Но что, однако, сталось с бравым капитаном? Как непохож он был на того громовержца Юпитера, на того Прометея, каким являлся в тюрьму за несколько дней перед этим! Теперь он, напротив, источал из себя блеск и благоволение и глядел на присмиревшую кобылку, как добрый и благодушный отец на своих возлюбленных детей; входя в ворота, он даже видимо для всех улыбнулся… Надеть шапки он приказал почти в тот же момент, когда раздалась команда надзирателя снимать их. По выслушании рапорта дежурного о благополучном состоянии тюрьмы он милостиво обратился к арестантам с приветствием, причем не сказал даже "Здорово, ребята!", а "Здравствуйте, братцы"… И когда "братцы" отвечали на это оглушительным ревом: "Здравия желаем, господин начальник!" – еще приветливее оглянул их и сказал указывая на Ломова:
– Вот, братцы… прошу любить и жаловать нового помощника!
И, должно быть, самому бравому капитану показалось несколько чудно то, что он сказал: он как будто сконфузился и замолчал. Впрочем, добродушие не покидало его.

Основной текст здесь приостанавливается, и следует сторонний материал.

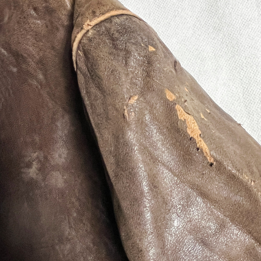 状態は全体的にスレや小傷、レザー特有のフェード感あり、左肩に小穴や剥がれなどのダメージあり、袖や裾にもスレと細かいダメージあり、バックアジャスターにリペアありですが、ライニングのウール部分は比較的綺麗な状態で、着用に問題のある様なダメージなく、古い慣れされている方には問題ないレベルのヴィンテージコンディションです。
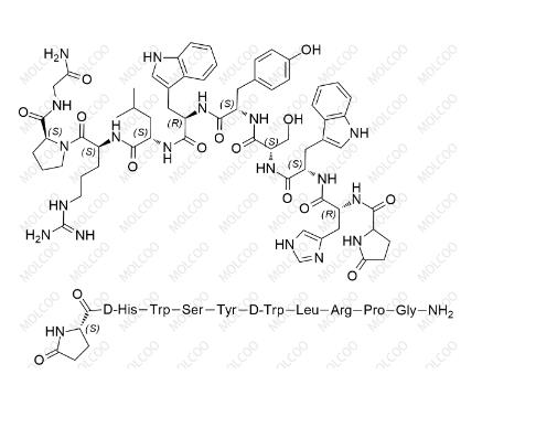 English Alias: Pyr-DHis-Trp-Ser-Tyr-DTrp-Leu-Arg-Pro-Gly-NH2; (2S)-1-((3R,6S,9S,12S,15R,18S,21S)-3-((1H-imidazol-4-yl)methyl)-6,15-bis((1H-indol-3-yl)methyl)-21-(3-guanidinopropyl)-12-(4-hydroxybenzyl)-9-(hydroxymethyl)-18-isobutyl-1,4,7,10,13,16,19-heptaoxo-1-(5-oxopyrrolidin-2-yl)-2,5,8,11,14,17,20-heptaazadocosan-22-oyl)-N-(2-amino-2-oxoethyl)pyrrolidine-2-carboxamide
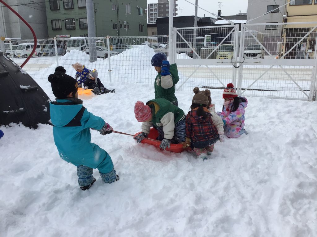 12月は積雪が少なかったのですが2026年になり、たくさん雪が降って園庭では毎日雪遊びを楽しんでいます☆
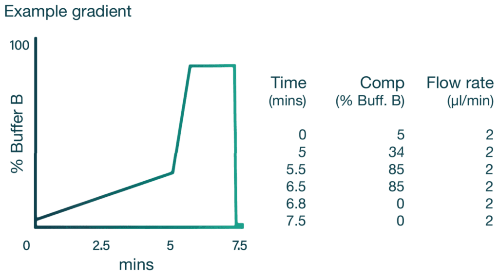 Human Plasma tryptic digest was reconstituted in 2% acetonitrile/1% formic acid in MilliQ water to a concentration of 50 ng/μL. Samples were analysed on a M-class (Waters, USA) coupled to a timsTOF Pro (Bruker) equipped with a CaptiveSpray source. 50ng (1μl) of peptides were separated on an Aurora Series 5cm X 150μm Rapid UHPLC packed emitter column, using a constant flow rate of 2μl/min. The column was maintained at room temperature. Sample was injected into a sample loop which takes approximately 0.5min. Mobile phase at 100% buffer A continues to flow over the analytical column during this period facilitating column equilibration. The sample loop was switched on-line for 1min at 100% buffer A. A recommended sample gradient is shown here.
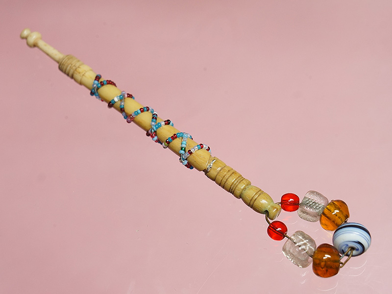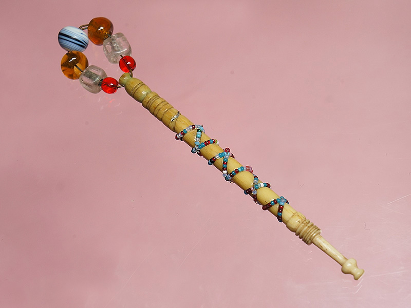 極小のビーズが巻き付けられたボーン製のボビンです。イギリス製のボ
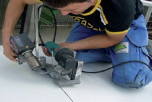 轻巧的热风焊接设备,即使在陡峭的屋顶上都能保持恒定的焊接速度。

Между тем Ломов стоял как прежде, огромный и серый, неподвижный, точно статуя командора, несколько пригнув к земле свою косую голову, и только во время неожиданной речи начальника как-то нервно дернул ею, словно ломовая лошадь, которой надоедливая муха села вдруг на нос.
Арестантский хор запел установленные молитвы. Лучезаров со всей свитой отправился за задние ряды арестантского строя, куда обыкновенно удалялся во время пения (должно быть, для того, чтобы не казалось, будто арестанты на него молятся!).
– Вот что я скажу тебе, Петин, – громко заговорил он, надевая по окончании молитвы папаху и снова выходя вперед, – бас-то у тебя, пожалуй, и есть, но в голове, должно быть, пусто, как в дорожнем бочонке. Нот не знаешь и гудишь там, где совсем не требуется!